» Task instructions: In the material below, find the line that contains "Kete mendoja kur" and the line that contains "Casa , vistas", then write out exactly those two lines and everything between them.
======== Records supplied
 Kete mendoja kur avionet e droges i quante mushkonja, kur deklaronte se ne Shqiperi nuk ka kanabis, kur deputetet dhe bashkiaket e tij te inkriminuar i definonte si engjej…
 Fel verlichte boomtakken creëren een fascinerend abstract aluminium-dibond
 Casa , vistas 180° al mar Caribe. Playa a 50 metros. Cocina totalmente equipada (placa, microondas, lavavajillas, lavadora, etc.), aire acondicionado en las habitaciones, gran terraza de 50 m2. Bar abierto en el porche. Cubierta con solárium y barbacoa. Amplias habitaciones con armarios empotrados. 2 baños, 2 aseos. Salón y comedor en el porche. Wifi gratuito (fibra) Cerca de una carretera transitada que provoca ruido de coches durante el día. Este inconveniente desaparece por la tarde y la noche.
================
======== Records supplied
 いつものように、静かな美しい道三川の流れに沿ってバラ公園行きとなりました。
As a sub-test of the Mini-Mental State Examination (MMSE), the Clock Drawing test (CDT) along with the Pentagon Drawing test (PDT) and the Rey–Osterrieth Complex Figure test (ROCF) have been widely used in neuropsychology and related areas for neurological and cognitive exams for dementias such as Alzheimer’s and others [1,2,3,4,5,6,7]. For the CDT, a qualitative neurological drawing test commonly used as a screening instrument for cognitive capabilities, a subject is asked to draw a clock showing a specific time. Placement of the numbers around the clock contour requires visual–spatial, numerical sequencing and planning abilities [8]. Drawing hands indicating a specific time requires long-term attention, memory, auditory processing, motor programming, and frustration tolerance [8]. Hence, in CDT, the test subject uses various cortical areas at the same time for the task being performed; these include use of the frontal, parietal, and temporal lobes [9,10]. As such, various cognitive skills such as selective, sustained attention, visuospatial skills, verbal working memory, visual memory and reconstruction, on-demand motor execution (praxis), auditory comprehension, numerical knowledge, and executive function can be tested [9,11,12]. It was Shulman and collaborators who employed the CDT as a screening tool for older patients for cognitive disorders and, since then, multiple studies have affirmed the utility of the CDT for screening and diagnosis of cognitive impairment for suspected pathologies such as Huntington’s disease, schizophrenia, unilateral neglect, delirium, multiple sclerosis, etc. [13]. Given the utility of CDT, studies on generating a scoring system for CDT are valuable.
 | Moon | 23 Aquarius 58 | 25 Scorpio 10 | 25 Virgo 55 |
================
» Response box:
 Kete mendoja kur avionet e droges i quante mushkonja, kur deklaronte se ne Shqiperi nuk ka kanabis, kur deputetet dhe bashkiaket e tij te inkriminuar i definonte si engjej…
 Fel verlichte boomtakken creëren een fascinerend abstract aluminium-dibond
 Casa , vistas 180° al mar Caribe. Playa a 50 metros. Cocina totalmente equipada (placa, microondas, lavavajillas, lavadora, etc.), aire acondicionado en las habitaciones, gran terraza de 50 m2. Bar abierto en el porche. Cubierta con solárium y barbacoa. Amplias habitaciones con armarios empotrados. 2 baños, 2 aseos. Salón y comedor en el porche. Wifi gratuito (fibra) Cerca de una carretera transitada que provoca ruido de coches durante el día. Este inconveniente desaparece por la tarde y la noche.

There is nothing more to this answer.